Comparative Example 5 The mixture of Example 3 obtained by doubling the amount of emulsifier used.
Manton Gorin Colloid Mill TYPE-15M
(Menton Gorin Co., Ltd.) 350 kg / cm ²Pressure of
Was passed three times to disperse in water. Average particle system 0.
A 5 μm monomer dispersion was obtained. This B-4 monomer
-Return the emulsion to the 4-neck flask of Production Example 2 and replace with nitrogen.
After stirring, 0.5 part of benzoyl peroxide was added.
In addition, polymerization was performed at 80 ° C. for 10 hours. After completion of polymerization
The average particle size of the fluoroacrylic resin aqueous dispersion is 0.6μ.
It was m. Desolvation of the obtained resin aqueous dispersion under reduced pressure
Acetone is removed to remove fluoroalkyl with a nonvolatile content of 30%.
An aqueous resin dispersion was obtained. Final aqueous dispersion after solvent removal
The average particle size of the body is 0.8 μm, and after standing for 3 months at room temperature
Sediment was observed in the dispersion liquid.

Comparative Example 6 The mixture of Example 2 was stirred in a TK-Automixer (made by Tokushu Kika Co., Ltd.) at 10,000 rpm for 15 minutes, but the dispersion was insufficient and sedimentation occurred in the storage stability test. A lot of things were generated. It was not possible to carry out the subsequent emulsion polymerization as in Comparative Example 4.
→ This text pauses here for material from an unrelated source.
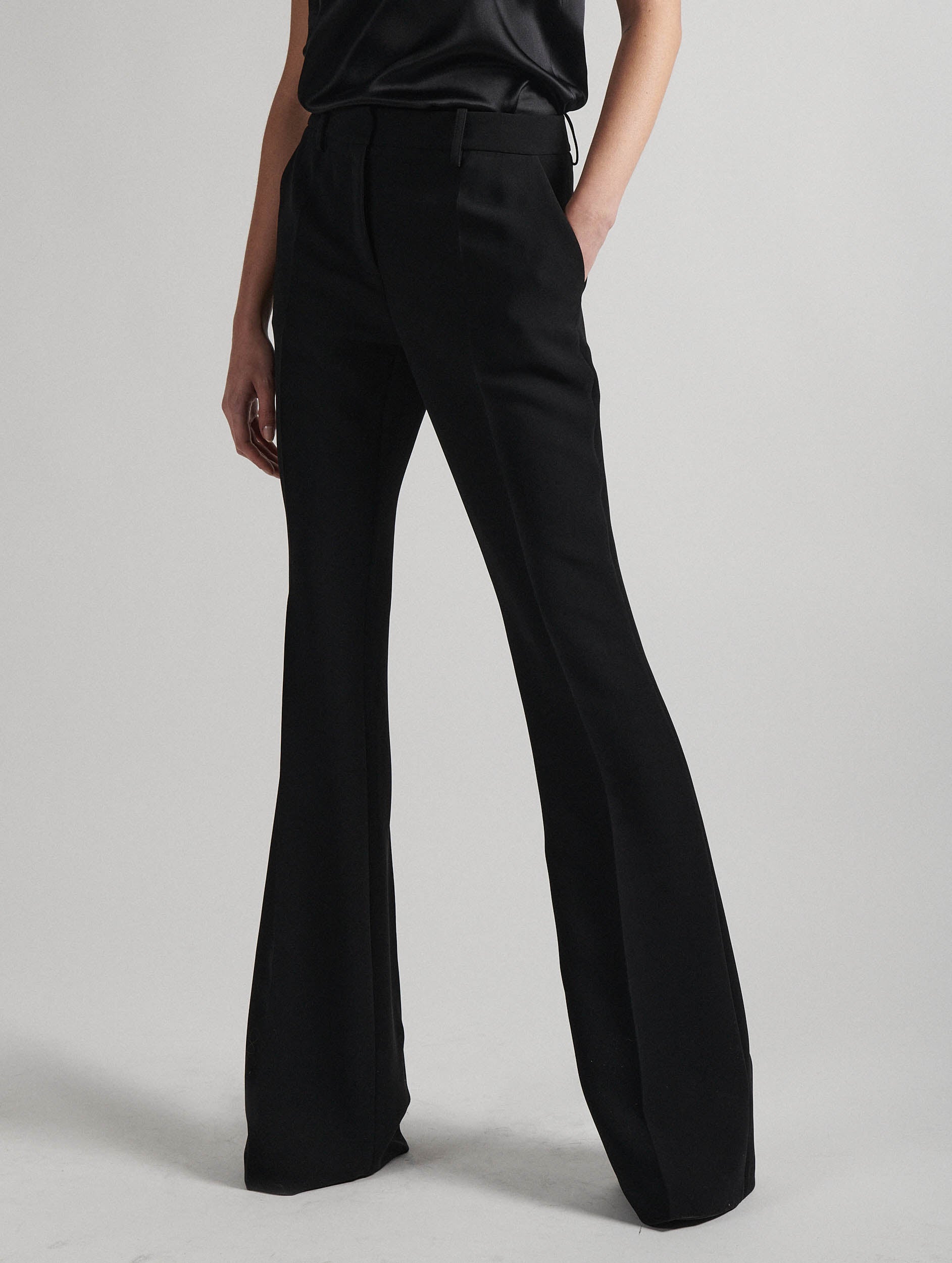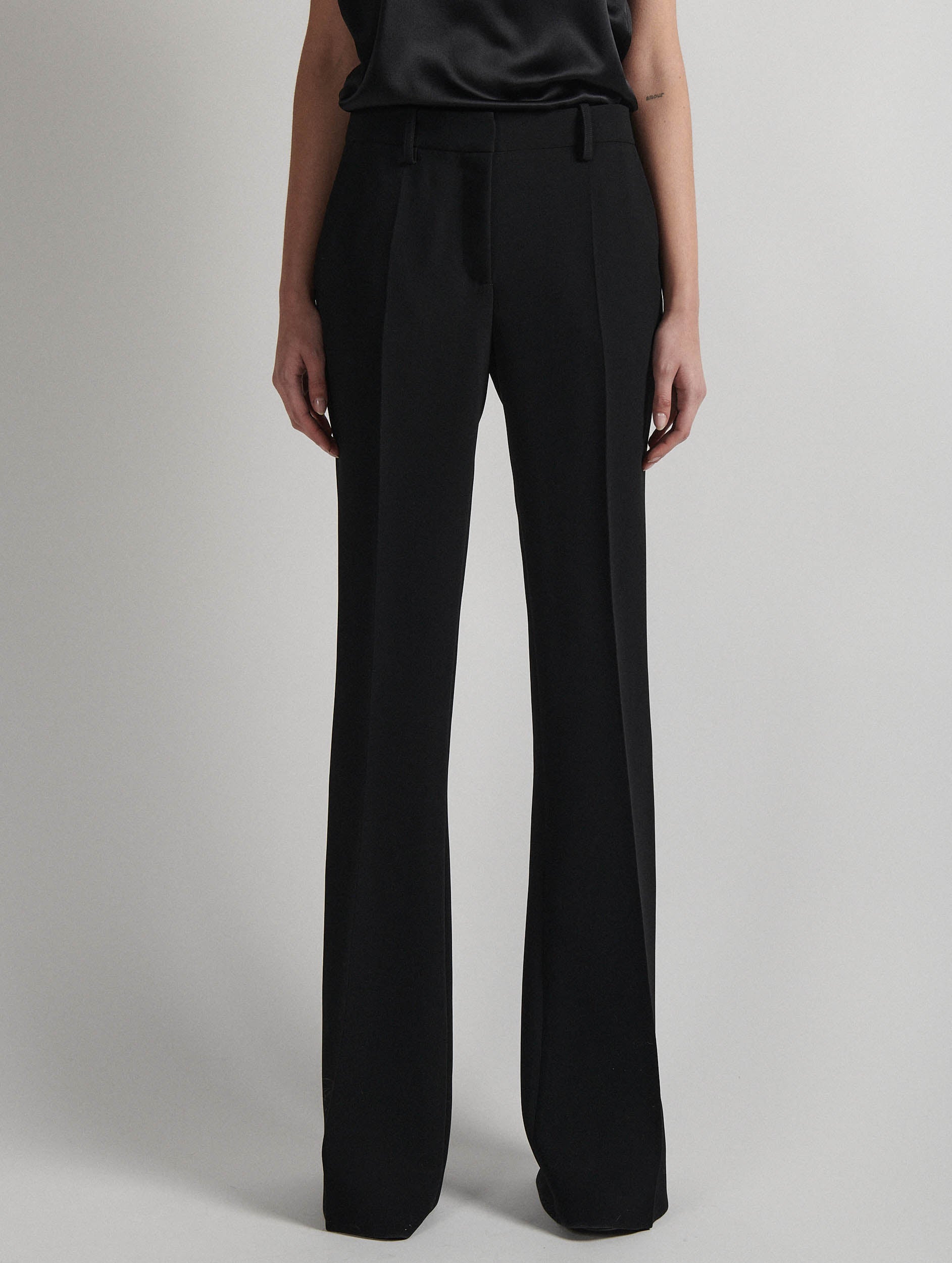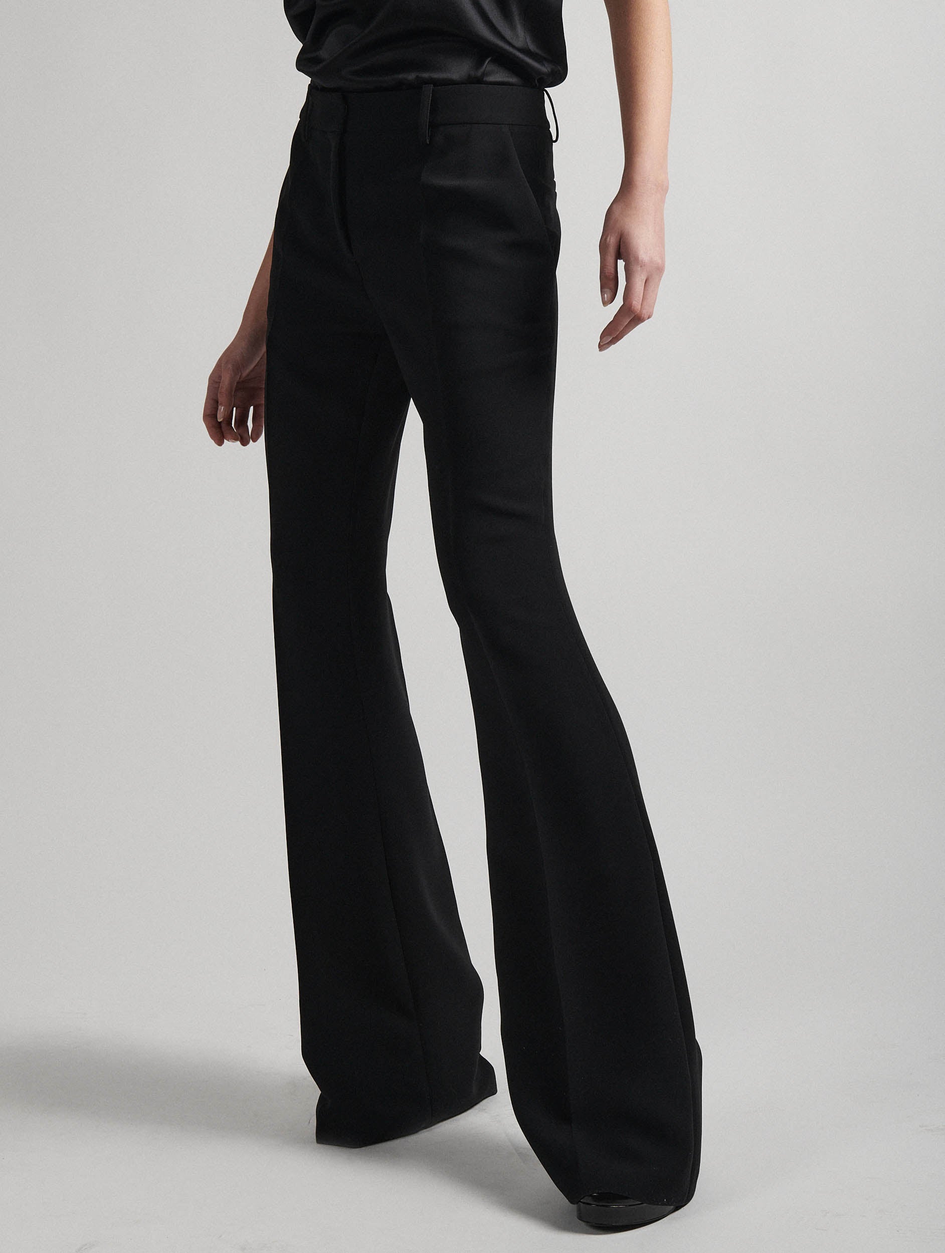 These women's trousers in flowing crepe are guaranteed to make a statement. The bootleg cut, flared at the bottom of the leg, lifts the silhouette, offering a sculptural look to suit all body types. Meticulous details such as Italian pockets, waist loops and back pockets with piping highlight the House's expertise in tailoring. For a suit look, pair these trousers with the zip-sleeved jacket in the same fluid crepe and our silk satin shirt with lavaliere.
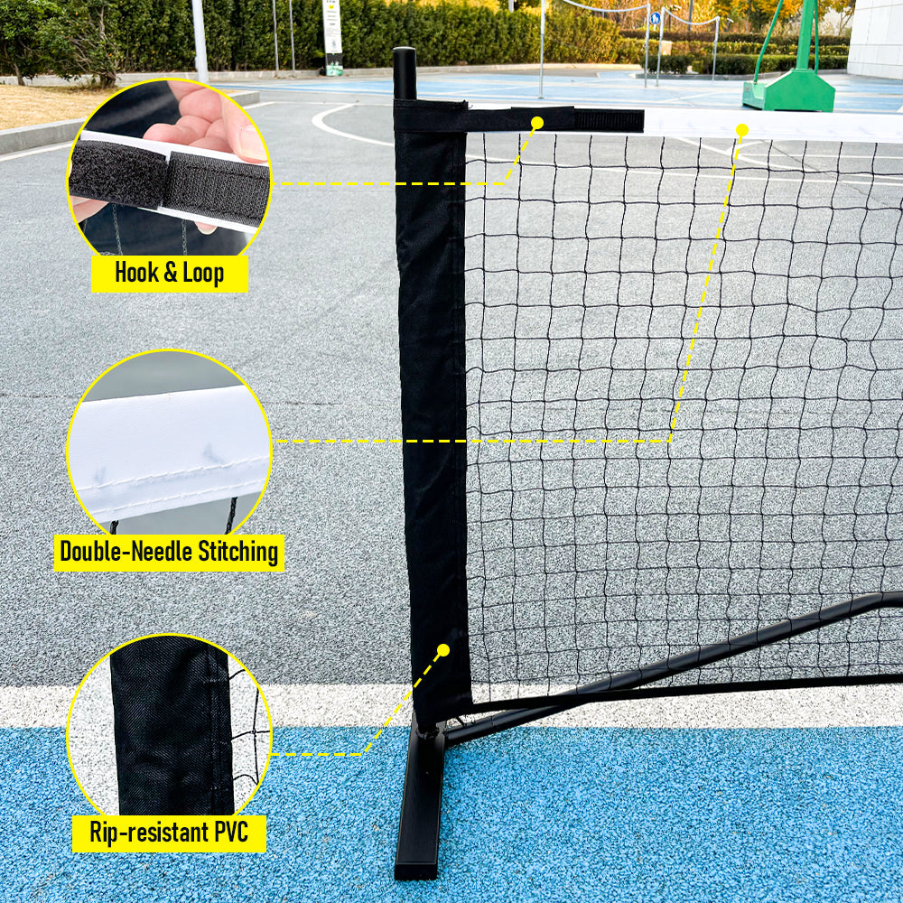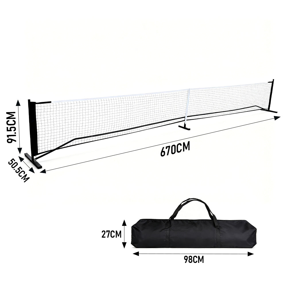 Measuring a standard length of 6.7m, this pickleball net features a sturdy metal frame and durable nets, ensuring reliable setup and stability during intense matches and making it suitable for players of all skill levels. It can be easily disassembled for easy carry with the included bag. Perfect for any casual or group match in backyards, parks, schools, or courts.

Application Example 1 compares the water- and oil-repellent performance of the fluoroalkyl resin aqueous dispersion obtained in the present invention with respect to the fiber of a conventional high emulsifier concentration product used in an emulsifier.

Application Example 1 (Water Repellent Treatment of Nylon Taffeta and Polyester Taffeta) Each base cloth was subjected to a water and oil repellent treatment under the following conditions.
The results are shown in Table-1.

Test cloth: Nylon taffeta (190 pieces, 70d) undyed cloth Polyester taffeta (170 pieces, 70d) undyed cloth Processing conditions: Immersion draw 1Dip1Nip Wet Pick-up Nylon taffeta 37% Polyester taffeta 41% Preliminary Drying 100 ℃ × 2 minutes Curing 170 ℃ × 30 seconds

Measurement item: Water repellency (WR) ... JIS L-1092
Spray method (the higher the number, the higher the water repellency) Oil repellency (OR) ... AATCC 118 (The higher the number, the higher oil repellency) Wash resistance (WR, OR after 10 times water wash) ... JIS-0
217/103 method (The higher the value, the better the washing resistance)

[0067]

[Table 1]

Note) Beckamine J-101 (crosslinking agent, melamine resin manufactured by Dainippon Ink and Chemicals, Inc.) Catalyst 376 (catalyst manufactured by Dainippon Ink and Chemicals, Inc.)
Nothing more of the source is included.